1991: Public Safety Facility
In February of 1988, the State Commission of Correction started pressing the county to improve its 1938 jail. On Aug. 17, the Schoharie Fire Department inspected and reported that a relatively minor fire at the jail could result in a large loss of life. The commission barred the boarding of inmates from other counties and commenced closure proceedings. On Nov. 15, it ordered the jail closed and emptied by Dec. 22, but said the immediate construction of a fire escape would stay the closure. The fire escape was built.
The county selected a site on Depot Lane in 1989 and in July 1991 broke ground on an 81-bed jail and attached office building. The size was quite controversial. The plan was to board 50 or more inmates from other counties and use the boarding fees to help pay for the jail but quite a few people were skeptical that statewide jail overcrowding would continue.
In September of 1992 the $8.5 million facility was opened.

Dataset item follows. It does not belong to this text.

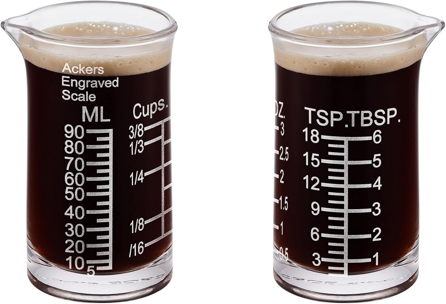 - 【Etched Graduations】: The measuring cup features etched graduations in Five units (ML,Cup,OZ,Tablespoons,Teaspoons)all the way up to 3oz. This ensures you can measure all types of liquids and follow any recipe with ease. It is 100% dishwasher safe, allowing you to trust it for hassle-free cleaning

It includes offices for the sheriff and staff, a dispatch center, the Probation Department and emergency management and fire coordinator’s offices.
For Further Information
Early courthouses are described in Jeptha R. Simms’s 1845 History of Schoharie County and Border Wars; Hamilton Child’s 1872-73 Gazetteer and Business Directory; William E. Roscoe’s 1882 History of Schoharie County; the Society’s Quarterly Bulletin of January, 1943 and the REVIEW of May 1956, which quotes an unidentified news report of July 2, 1845.
The late Donald Keyser researched the 1914 building and wrote a detailed article in the Spring 1985 REVIEW. Its renovation for use by the Health Department was reported extensively by your editor when writing for the Schenectady Gazette in 1988 and 1989. The 1969 report of consultants Hanawalt Associates of Westfield, N.J. is quoted in a Gazette article published on July 4, 1988.
The highway garage project is discussed in the 1967 and 1968 annual reports of the highway superintendent and in Board of Supervisors minutes, all published in the Proceedings of the Board of Supervisors for those years.
Planning and construction of the county office building and public safety facility was observed by your editor in the 1980s and 1990s while reporting for the Gazette and were the subject of numerous published articles, condensed herein.
1. Now the Mountain View Manor Adult Home on Route 145, Middleburgh.